_Required work:_ Give again, exactly as written, the lines of the records below from the line with "Dedicated liferaft locker" to the line with "Islamic Relief bietet". Both end lines count; pictures do not.

Data excerpts:
*** Begin section ***

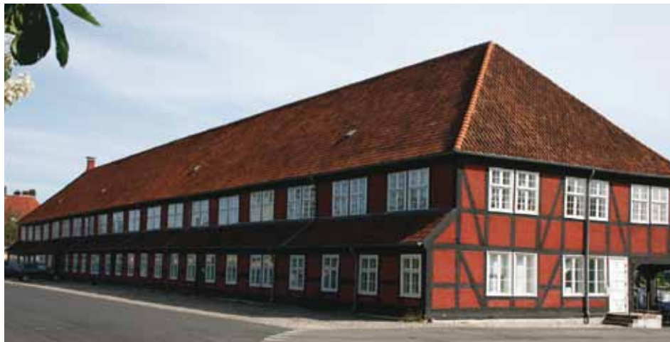
Spanteloftbygningen 2010 (Frank Horn 2008).

Her ses bygningen sandsynligvis i 1950erne. Til venstre på husets langside kan skimtes "Stoppebommen" og i højre side af billedet ses "Kontorhuset".
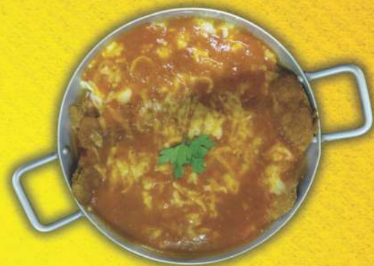
Parmegiana de Frango
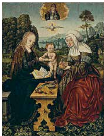
11. Šv. Ona, pati trečioji. 1509 m. Frankfurto dirbtuvės meistras. Heidelbergo miesto muziejus.
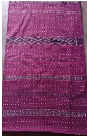
Gambar. 7 Kewatek

Menurut Yisrianamula (2015) aksesoris merupakan penghias dan penunjang penampilan yang sesuai dengan karakter pribadi pemakainya. Dalam pertunjukan tari tradisional penari biasanya menggunakan aksesoris-aksesoris khas daerah pemilik tarian tersebut. Selain menambah keindahan penampilan, juga mempunyai simbol dan makna mendalam bagi masyarakat setempat. Aksesoris yang dipakai untuk menambah keindahan penampilan penari Tari Belo Baja yaitu aksesoris-aksesoris tradisional yang menjadi budaya dan ciri khas masyarakat Desa Ratulodong. Aksesoris yang dipakai dalam Tari Belo Baja yaitu Nile (Kalung), Belao (Anting), Kala Bala (Gelang Gading), Kiri Manuk Tolo' Bura (Sisir yang dihiasi bulu ayam putih).
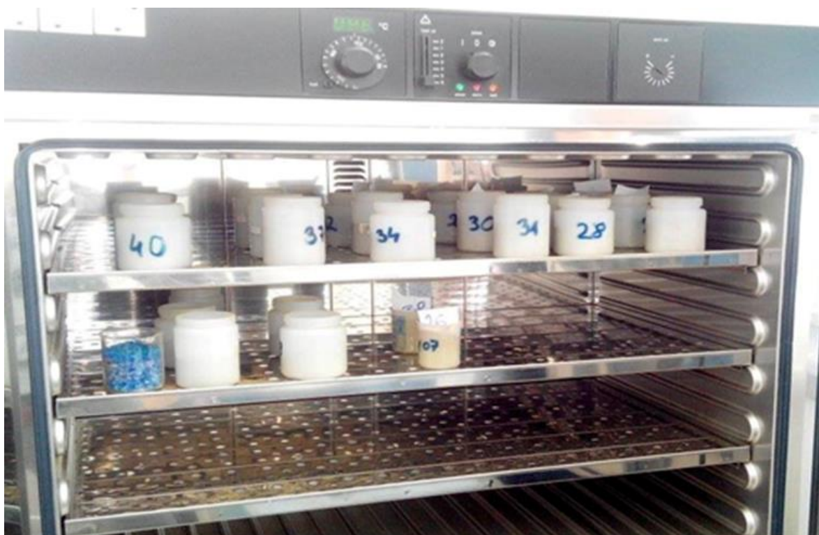
Slika 1. Uzorci za skeniranje u sušioniku

Dostavna vlaga ( \text{g kg}^{-1} svježeg uzorka) je utvrđena sušenjem uzoraka u sušioniku s ventilatorom (tvrtke ELE International) na temperaturi od 60^\circ\text{C} do konstantne mase uzoraka (slika 1). Ovako osušeni uzorci su samljeveni na veličinu čestica od 1 mm korištenjem mlina čekićara tvrtke Christy (Model 11) i dalje korišteni za spektrofotometrijsku analizu.
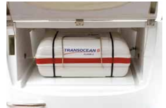
Dedicated liferaft locker with easy deployment / Coffre à BIB dédié avec mise à l'eau facile
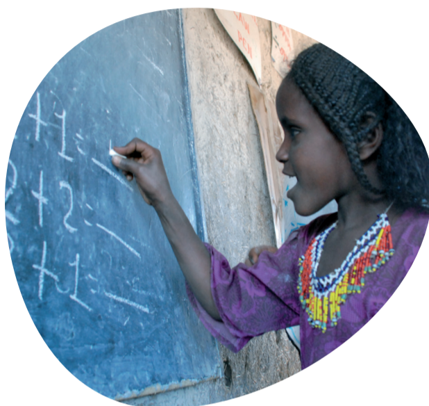
1 Stand: Februar 2012

Islamic Relief bietet Ihnen zwei verschiedene Möglichkeiten, Waisenkindern zu helfen: durch eine 1:1-Patenschaft oder den Waisenfonds.
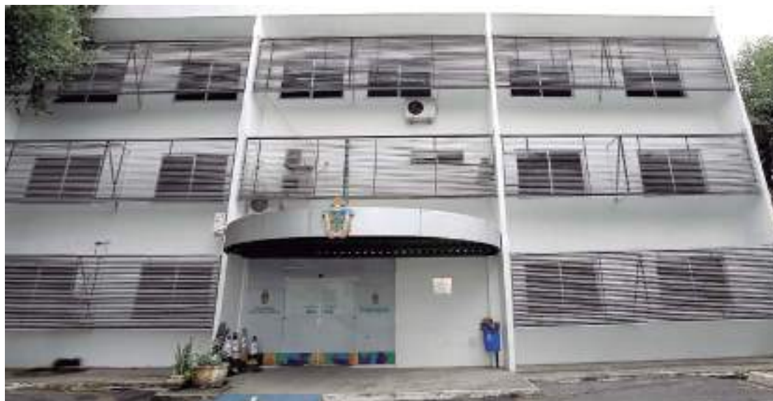
Autora também foi condenada a pagar os honorários advocatícios na ordem de 5% sobre o valor atualizado da causa

“A sustentação oral foi importante para demonstrar aos desembargadores as inconsistências processuais da rescisória, garantindo, por meio do judicioso voto do relator, seguido à unanimidade pelos demais membros, a manutenção da decisão que evitou prejuízo aos cofres públicos que, corrigido, po-
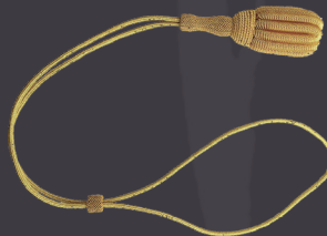
Dragonne bouillon or cordon or
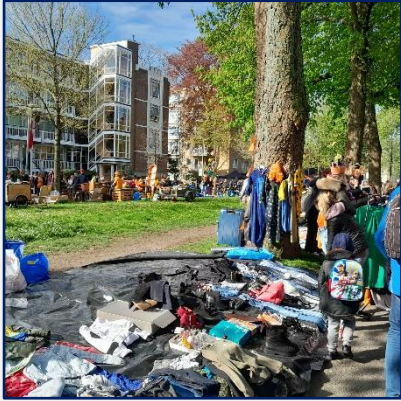
Overzicht singel Heel klein meisje verkoopt haar spulletjes
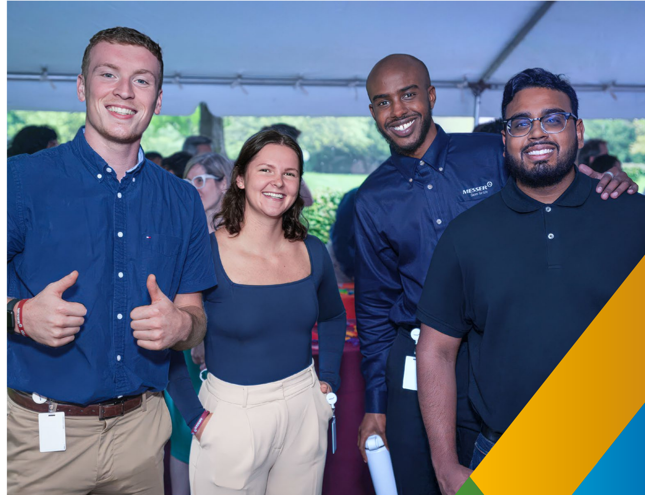
Messer in den USA

Luft ist ein Gasgemisch, das hauptsächlich aus Stickstoff (78 %), Sauerstoff (21 %) und dem Edelgas Argon (0,9 %) besteht. Die restlichen 0,1 % setzen sich hauptsächlich aus Kohlendioxid und den Edelgasen Neon, Helium, Krypton und Xenon zusammen. Ein wesentlicher Teil unseres Geschäfts sind Luftgase. Luft wird üblicherweise durch Destillation in Luftzerlegungsanlagen mit Tieftemperaturrektifikation in ihre Bestandteile zerlegt. Dieser Prozess ist vollständig elektrifiziert und unser Energiebedarf ist daher erheblich. Wir überwachen und steuern den Stromverbrauch und die Stromquellen für unseren Produktionsprozess sorgfältig. Die Zerlegung von Umgebungsluft verursacht keine toxischen oder umweltgefährdenden Emissionen, selbst bei einem Stillstand oder einer Betriebsunterbrechung. Der größte Teil unserer Treibhausgasauswirkungen entsteht daher durch den von uns verbrauchten Strom (Scope 2).
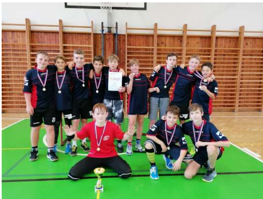
Florbal ml. žáků – 3. ZŠ Rakovník - listopad 2023
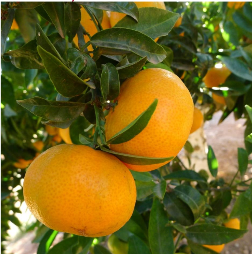
Frutos en árbol
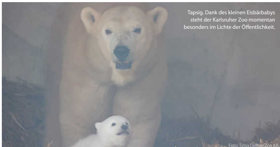
Tapsig. Dank des kleinen Eisbärbabys steht der Karlsruher Zoo momentan besonders im Lichte der Öffentlichkeit.

Apropos Artenschutz. Das Thema ist Reinschmidts wichtigste Antriebsfeder. Seit er die Leitung des Zoos vor sieben Jahren übernommen hat, ist viel passiert: „Wenn der Zoo wie vor 40 Jahren wäre, würde ich mich für die Schließung einsetzen.“ Diese Zeiten der Tierhaltung seien überholt. Sein Ziel: den klassischen Zoo in ein modernes Artenschutzzentrum umbauen. (tam)
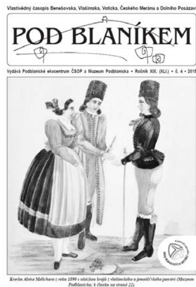
Obr. 17- 18 Obálky publikace Vlašimský velkostatek ve fotografii před 100 lety a dnes a 4. čísla 19. ročníku časopisu Pod Bláníkem
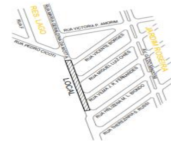
SITUAÇÃO Sem Escala

Sistema de Coordenadas Coordenadas Planas Sistema U T M Elipsóide: Sirlgas2000-BRASIL(BRGE) Meridiano Central: W 51
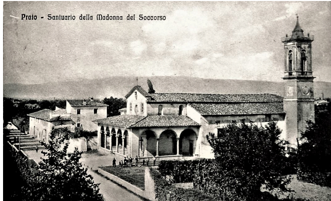
Dalla pagina fb La Vecchia Prato

In via Roma le case solo da un lato, tanti campi, la Chiesa e il Camposanto, il ponte dell'autostrada e poi fino al Puggelli fornaio non c'era nulla.
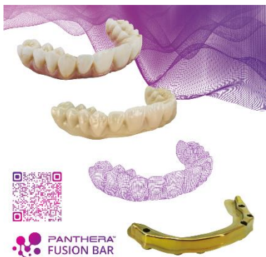
Fig. 1. Solution Panthera Fusion Bar MC
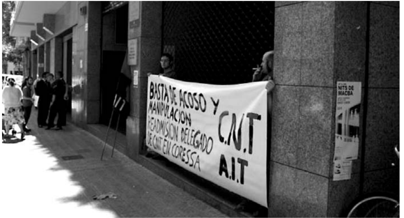
Imagen de una de las concentraciones en apoyo al compañero despedido / CNT CORNELLÁ DE LLOBREGAT

Como no quedaron contentos con la decisión judicial, la empresa recurrió la senten-
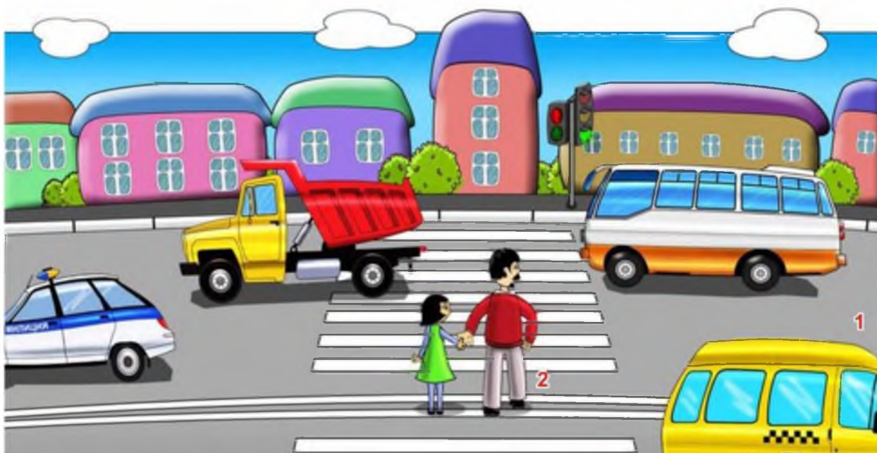
Участники дорожного движения: 1 - водители 2 - пешеходы

Выйдя из подъезда своего дома, ты становишься пешеходом и имеешь цель движения и место, куда направляешься. Помимо цели, каждый выбирает для пешеходного движения свой маршрут. Мы стараемся, чтобы маршрут движения был как можно более удобным и безопасным. Маршрут – это путь нашего движения к цели.

*** End section ***

_Answer to the exercise:_
Dedicated liferaft locker with easy deployment / Coffre à BIB dédié avec mise à l'eau facile
1 Stand: Februar 2012

Islamic Relief bietet Ihnen zwei verschiedene Möglichkeiten, Waisenkindern zu helfen: durch eine 1:1-Patenschaft oder den Waisenfonds.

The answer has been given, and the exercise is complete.